La première contribution portera
sur la dette publique et les évolutions des dépenses et prélèvements publics,
début octobre. Ce choix ne vise ni à dramatiser la question de la dette
publique ni à minimiser son importance mais à reconnaître que la période que
nous avons vécue, avec la crise Covid, a conduit à des politiques inédites en
France et dans le monde, qui ont changé l’état des comptes publics. Que ce
soient des projets de hausse (ou baisses) de dépenses, d’impôts ou de dettes
publiques, les équilibres comptables de base devront être vérifiés et des choix
devront être assumés, quels qu’ils soient.

L’importance de l’enjeu a conduit
l’OFCE à développer un nouvel outil, un simulateur de la trajectoire de la
dette publique, de la croissance, du chômage et de l’inflation, qui permettra à
chacun de simuler les effets macroéconomiques d’un choix de cible de dette
publique. Cet outil permettra de montrer ce qu’est le budget de l’État et les
effets de choix économiques sur la croissance, l’inflation, l’emploi et la
dette.

  Pour
comprendre cette décision de fournir un cadre général et des contributions
spécifiques plutôt que d’évaluer des programmes, il faut mettre en perspective la
question de l’évaluation des programmes.

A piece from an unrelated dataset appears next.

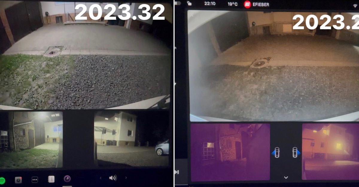 With the latest 2023.32 Tesla software update, the rendering quality of the cameras around your Tesla vehicles have greatly improved has highlighted by this side-by-side comparison: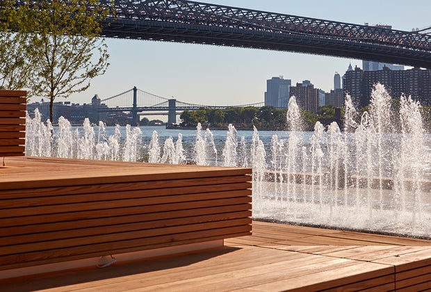 The expansive park stretches over a quarter mile along the Williamsburg Waterfront.

Avant de parler de la situation
française, décentrons le débat pour regarder ce qui se fait dans les autres
pays. Le pays dans lequel l’évaluation économique des programmes des candidats
est la plus développée est les Pays-Bas. Le CPB (Centraal Plan Bureau), qui est
un organisme indépendant pour l’analyse économique, évalue le programme des
candidats depuis 1986 de manière systématique. Dans ce pays, le CPB joue un
rôle singulier. Le CPB a été créé en 1945 et son premier directeur était Jan Tinbergen.
Ce dernier est l’un des principaux fondateurs des modèles macroéconomiques de
prévision et d’évaluation. Cet économiste avait une vision très claire de la
répartition des rôles entre économie et politique :  aux hommes et femmes politiques d’affirmer les
préférences sociales et aux économistes de contribuer aux moyens les plus
efficaces de les atteindre. Cette expérience d’évaluation systématique a permis
aux économistes néerlandais d’affiner leur vision des avantages et
inconvénients de l’évaluation des programmes économiques des candidats et
d’avoir une approche nuancée de leur contribution[1].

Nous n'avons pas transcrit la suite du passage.